SB 25-138 aimed to implement permanent reductions to the state income tax rate in Colorado. The bill proposed a gradual decrease in the income tax rate, ultimately leading to the complete elimination of the state income tax by 2035. The intent behind this legislation was to reduce the tax burden on individuals, estates, trusts, and corporations, thereby potentially stimulating economic growth.

Key Provisions

  • Income Tax Rate Reduction:

    • For tax years 2025 through 2034, the state income tax rate would be reduced from 4.40% to 4.25%.
    • Starting with tax year 2035, the state income tax would be completely eliminated.
  • Fiscal Impact:

    • The bill projected significant reductions in state revenue:
    • FY 2024-25: Decrease of $211.9 million
    • FY 2025-26: Decrease of $457.5 million
    • FY 2026-27: Decrease of $480.2 million
    • FY 2035-36: Estimated decrease of $18.3 billion due to the elimination of the income tax.
  • State Expenditures:

    • An appropriation of $18,478 was required for the Department of Revenue in FY 2025-26 to implement the changes.
    • Additional costs of $8,702 were projected for FY 2026-27.
  • TABOR Refunds:

    • The bill was expected to decrease the amount of state revenue required for TABOR (Taxpayer's Bill of Rights) refunds, which would affect how surplus state revenue is distributed to taxpayers.

Affected Parties

  • Individuals and Corporations: The bill would have directly impacted taxpayers by reducing their income tax obligations.
  • State Revenue: The significant reduction in income tax revenue would affect state funding for various programs and services.
  • Department of Revenue: The department would incur costs related to implementing the new tax structure.

Procedural Aspects

  • The bill was introduced and assigned to the Senate Committee on State, Veterans, & Military Affairs.
  • On February 27, 2025, the committee recommended that the bill be postponed indefinitely, effectively halting its progress through the legislative process.

Conclusion

SB 25-138 proposed a substantial shift in Colorado's tax policy by reducing and ultimately eliminating the state income tax.
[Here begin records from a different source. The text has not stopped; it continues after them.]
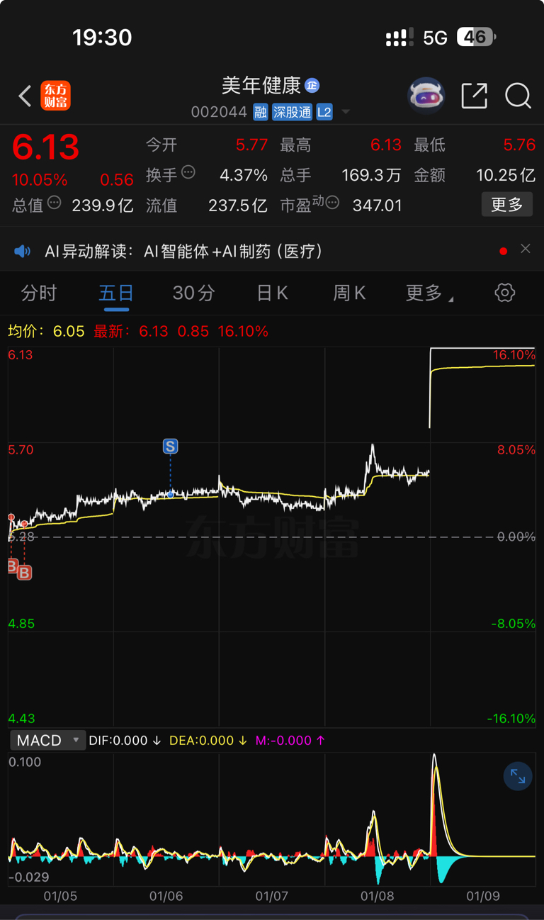 $美年健康(SZ002044)$ 持有一天,前天刚卖就暴涨,哦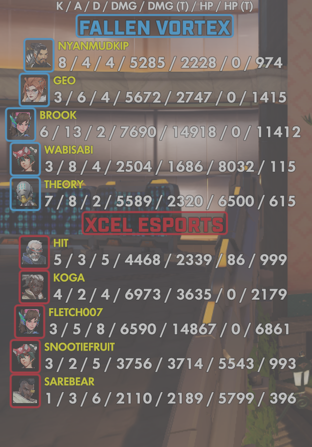10 entries| Team | Player | Kills | Assists | Deaths | Damage | Damage (Taken) | Healing | Healing (Taken) |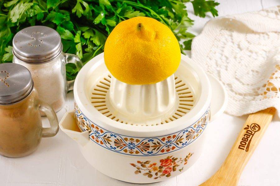 Разрежьте лимон пополам, и из одной половины фрукта выжмите сок. Большего количества сока не нужно, так как соус может получиться очень кислым на вкус. Допустимо заменить свежевыжатый сок концентрированным, но в меньшем количестве.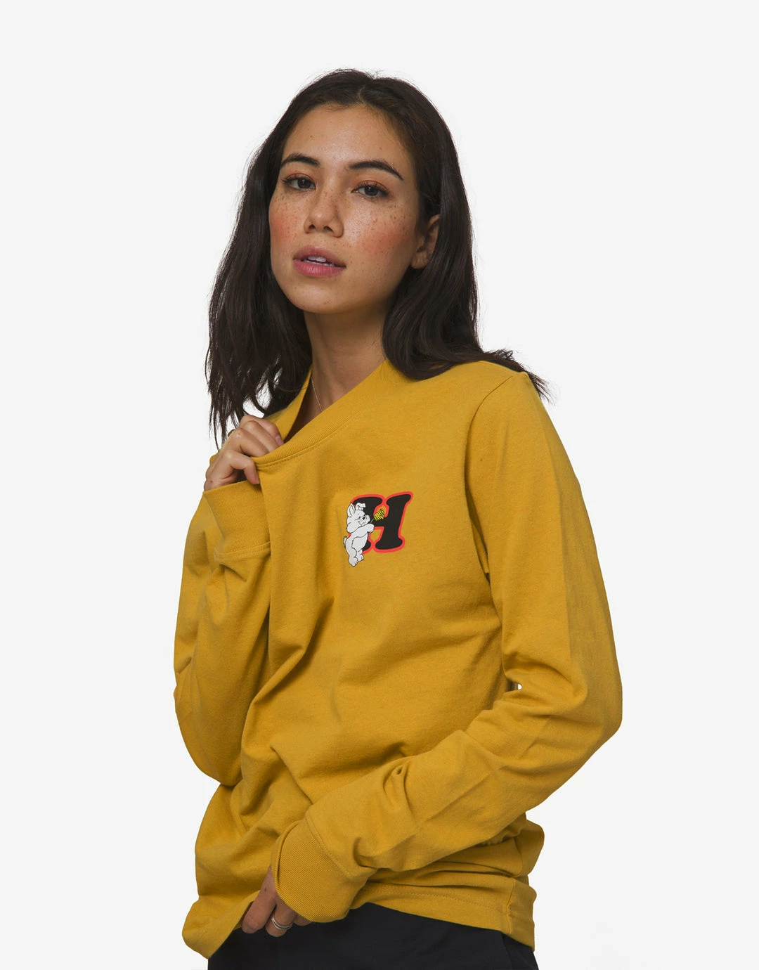 HUF Women’s Giving Long Sleeve Relaxed T Shirt –Â Gold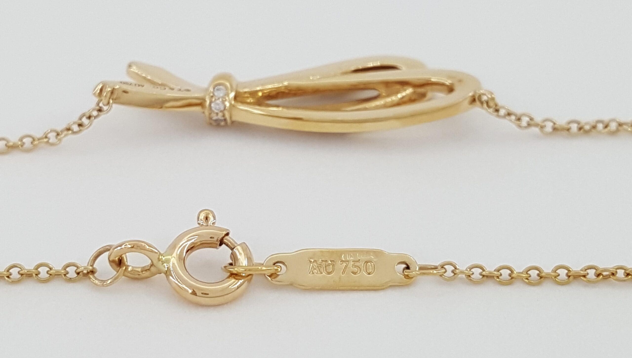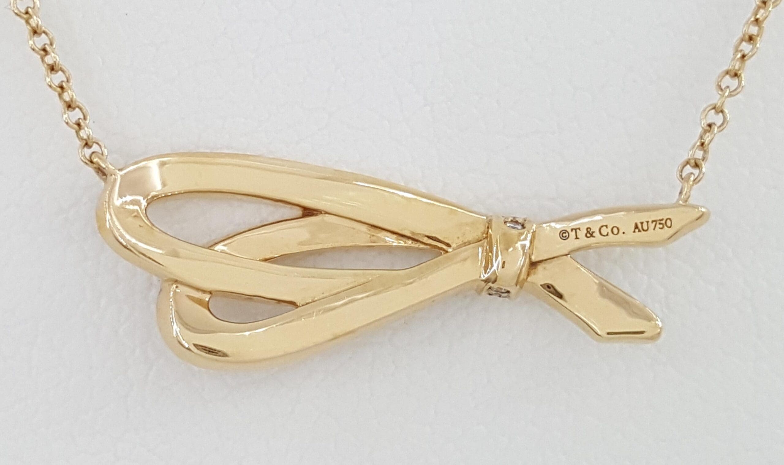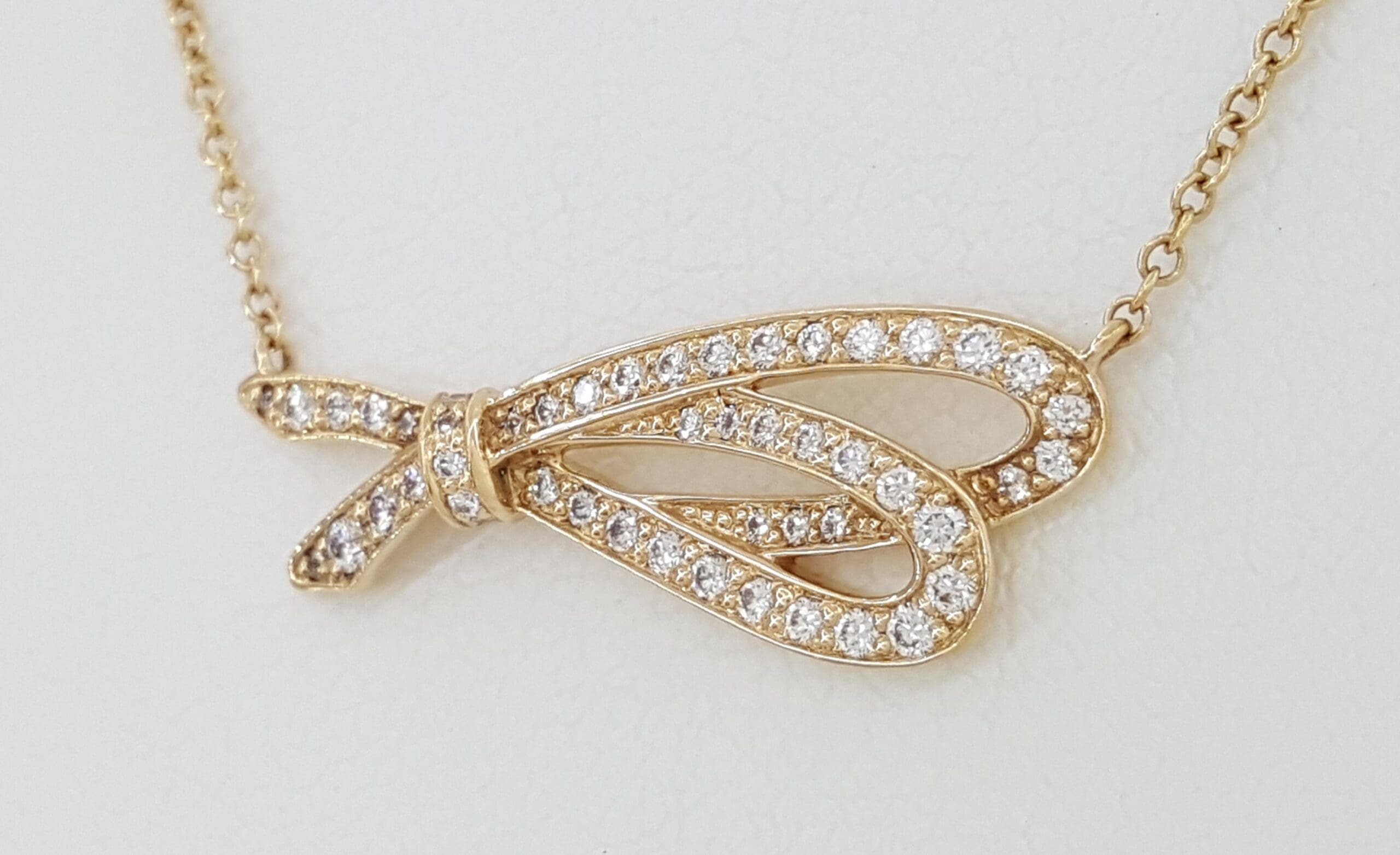 You are purchasing an Authentic Tiffany & Company Tiffany & Co Bow Ribbon 0.39 ct Round Brilliant Diamond Pendant Necklace in 18K Rose Gold

While the bill aimed to alleviate the tax burden on residents and businesses, its indefinite postponement means that these changes will not be enacted at this time. The fiscal implications of such a reduction would have required careful consideration of state funding and budget priorities.

Compiled from official sources — confirm details with the bill’s official record.